На второй стадии своего развития «культура серой расписной керамики», продолжая предшествующие традиции, приобретает некоторые качественно новые черты. С переходом к употреблению железа (уже знакомого и авторам поздневедийских текстов) стало возможным быстрое продвижение по новым территориям и превращение лесных массивов в районы, пригодные для земледелия и скотоводства. Хозяйственные и бытовые черты второго этапа «культуры серой расписной керамики» хорошо сопоставляются с данными поздневедийской литературы (поселения рассматриваемой культуры, как уже говорилось, открыты в основном в тех же областях, где проходило оформление поздневедийских сочинений). По сравнению с предыдущим периодом более высокого уровня достигает земледелие (но оно все еще имеет ограниченный характер). На поселениях этого времени наряду с ячменем и пшеницей обнаружен рис (хорошо известный и в поздневедийскую эпоху; впервые он упоминается в «Атхарваведе»; индоарии познакомились с ним, очевидно, под влиянием местного населения). Вместе с тем материалы и археологии, и письменных источников указывают на большое значение скотоводства; особую роль продолжает играть коневодство. Определенный прогресс заметен и в строительстве: возводятся более прочные укрепления, строятся алтари (очевидно, под влиянием хараппских представлений), широко применяется кирпич, но, судя по археологическим материалам и свидетельствам поздневедийской литературы, обожженный кирпич еще не употреблялся.
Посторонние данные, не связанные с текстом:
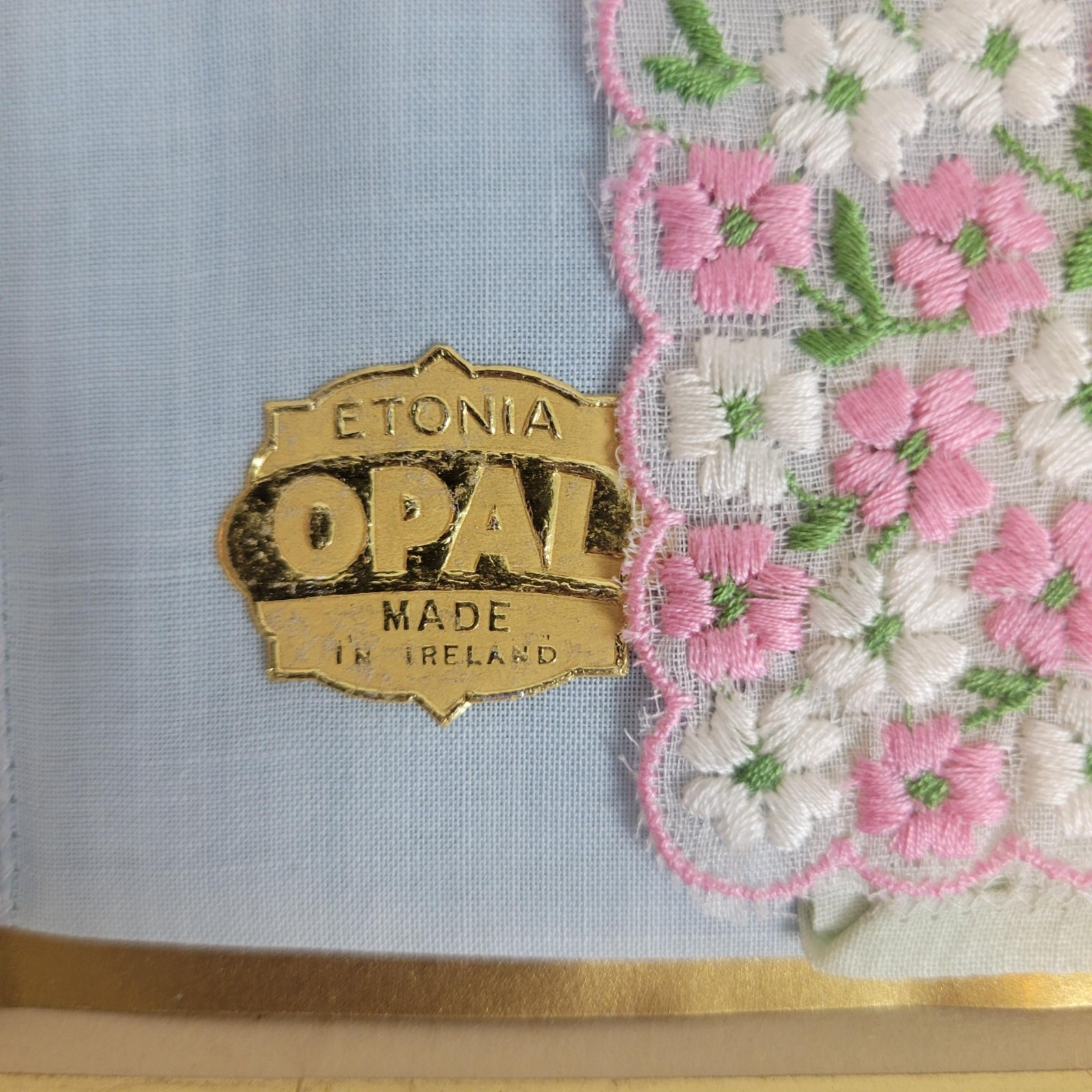 Vintage Ireland Embroidered Handkerchiefs NEW 4 Irish Linen Etonia Opal Floral

Небольшие размеры и тип поселений указывают скорее на временный характер обитания, чем на длительную оседлоземледельческую традицию. Крупных зданий дворцового типа не обнаружено и для этого периода. Ремесло еще не достигло высокой специализации (не получила широкого развития и торговля, отсутствовали стандартизированные меры веса, как это было в Хараппе).

Несмотря на постепенное развитие самого индоарийского общества в ведийскую эпоху и влияние традиций доарийского населения, даже на втором этапе «культуры серой расписной керамики» ее носители не достигли уровня урбанизации, и лишь в самом конце описываемого периода можно говорить о начальной стадии этого процесса (само слово «нагара» — город, городское поселение впервые встречается в Араньяках; по мнению лингвистов, оно дравидийского происхождения, сравните тамильское «накар» — город, дворец, храм). До этого же времени индоарии еще не имели храмовых комплексов, каких-либо крупных культовых сооружений.
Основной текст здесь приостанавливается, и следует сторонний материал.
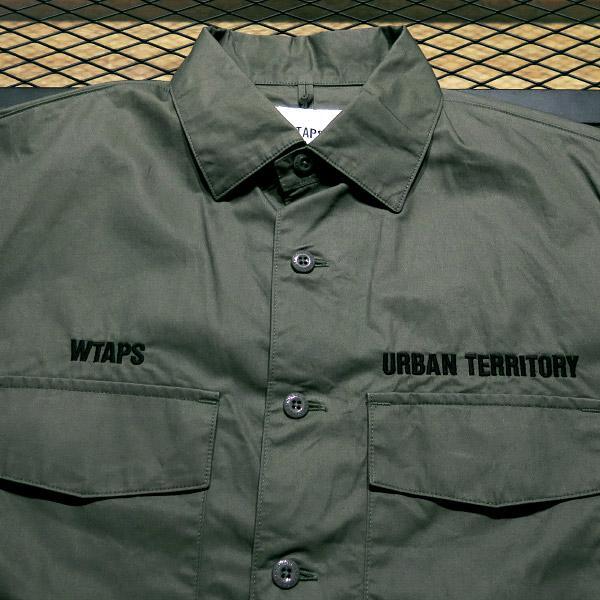 ブランド定番となるユーティリティーシャツをベースに、本体に少し薄手のコットンツイルを使用し、両胸にフラップポケット、その上にインシグニアではなく、WTAPSロゴ、URBAN TERRUTIRYロゴの刺繍が施されています。

В совокупности данные о длительном хозяйственном и социальном развитии в эпоху «культуры серой расписной керамики» ясно показывают, что ее носители в начале этой эпохи по образу жизни и общему хозяйственно-культурному типу резко отличались от населения как Хараппской цивилизации, так и старых оседлоземледельческих культур Иранского плато и юга Средней Азии. Независимо от указанных археологических материалов о том же качественном различии говорят и свидетельства ведийской литературы, начиная с «Ригведы». Сопоставление двух групп источников — памятников словесности и археологии — еще нагляднее показывает, в каких хозяйственных и культурных условиях реализовались социально- политические институты и складывались идеологические представления ведийских ариев. Это особенно важно для эпохи «Ригведы» — одного из основных источников, по которым реконструируют особенности социально-политической организации и культуры не только индоиранцев, но и индоевропейцев в целом.
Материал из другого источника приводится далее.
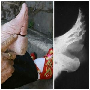 This is a process of so called "footbinding". To achieve this the feet of very young girls were bound generally before the foot’s arch developed fully, usually between the ages of 2 and 5. By design, footbinding stunted and restricted further foot growth, and reshaped the foot, transforming it. A girl’s feet were washed and her toenails trimmed as far back into the quick as possible. The four smaller toes were bent under and forced against the pad of the foot, then pressed with great force downward and squeezed into the sole until the toes broke. This is not a quick process, it takes roughly two years before the foot is “finished”. . A first-hand story from one of the woman: . When I was seven my mother washed and placed alum on my feet and cut my toenails. She then bent my toes toward the plantar with a binding cloth ten feet long and two inches wide doing the right foot first and then the left. She ordered me to walk but when I did the pain proved unbearable. That night my feet felt on fire and I couldn't sleep; Mother struck me for crying. On the following days I tried to hide but was forced to walk on my feet. After several months all toes but the big one were pressed against the inner surface. Mother would remove the bindings and wipe the blood and pus which dripped from my feet. She told me that only with removal of the flesh could my feet become slender. Every two weeks I changed to new shoes. Each new pair was one- to two-tenths of an inch smaller than the previous one...In summer my feet smelled offensively because of pus and blood; in winter my feet felt cold because of lack of circulation. Four of the toes were curled in like so many dead caterpillars. It took two years to achieve the three-inch model. My shanks were thin, my feet became humped, ugly and odoriferous. What are your thoughts on this? Write a COMMENT below

Восстанавливаемая таким образом «модель» первоначального распространения арийских племен в Индии сопоставима с материалами об арийских племенах Восточного Ирана и Средней Азии (таковы более скудные в сравнении с ведийскими данные авестийской традиции) и Западного Ирана (по фрагментарным, но точно датируемым сведениям иноземных источников). Для каждой из указанных трех групп индоиранских племен вырисовывается сходная картина: развиваясь в различных исторических условиях, вступая во взаимодействие с разными этнокультурными организмами и заимствуя у местного населения те или иные элементы материальной и духовной культуры, арии Ирана, Индии, Средней Азии сохраняли во многом одинаковый хозяйственно-культурный и социальный тип, определяющийся общим наследием их развития в предшествующие эпохи. Это дает возможность более определенно выделить черты, присущие индоиранским племенам ко времени их распространения в упомянутых странах (в пределах второй половины II — начале I тысячелетия до н. э.). Общие черты хозяйства, быта, социальной культуры, а также идеологии восходят к периоду совместного обитания предков иранцев Средней Азии и Ирана и ариев Индии вне ареала ранних оседло- земледельческих цивилизаций этих стран — в северной степной зоне (по крайней мере до первых веков II тысячелетия до н. э.); другие же племена арийской группы продолжали обитать в степях.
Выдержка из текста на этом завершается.